Task: Your reply should reproduce each line below exactly and carry none of the pictures.

Data shown:
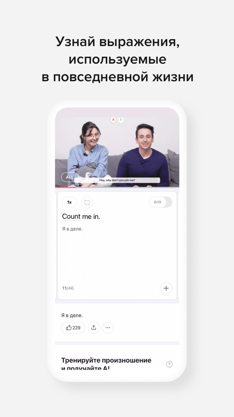 - наличие ИИ-помощника, который поможет проверить правильность произношения;
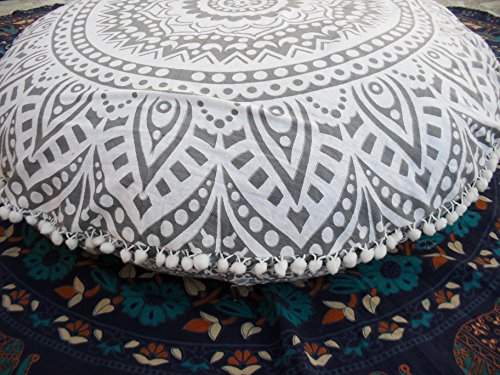 Tradizionale Jaipur argento ombre mandala cuscino da pavimento, grande, decorativo federe 81,3 cm rotondo pouf ottomano, boho copricuscini, cuscino indiana Silver
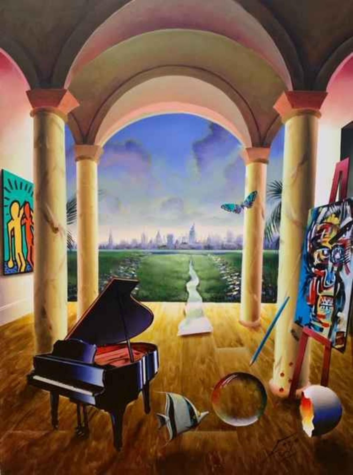 Ferjo "Distant City" Hand Signed Original Oil on Stretched Canvas Dimensions: 40 x 30 Inches
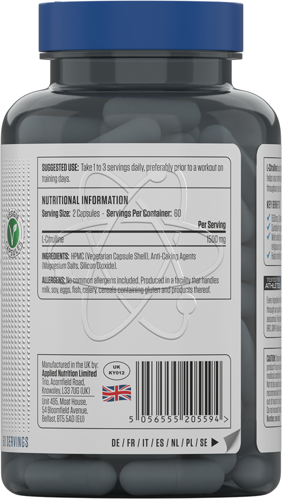Applied Nutrition L-Citrulline 1500 easily increases your daily L-Citrulline intake. Being vegan friendly and halal certified, the capsules are suitable for a variety of diets.

Answer area:
 - наличие ИИ-помощника, который поможет проверить правильность произношения;
 Tradizionale Jaipur argento ombre mandala cuscino da pavimento, grande, decorativo federe 81,3 cm rotondo pouf ottomano, boho copricuscini, cuscino indiana Silver
 Ferjo "Distant City" Hand Signed Original Oil on Stretched Canvas Dimensions: 40 x 30 Inches
Applied Nutrition L-Citrulline 1500 easily increases your daily L-Citrulline intake. Being vegan friendly and halal certified, the capsules are suitable for a variety of diets.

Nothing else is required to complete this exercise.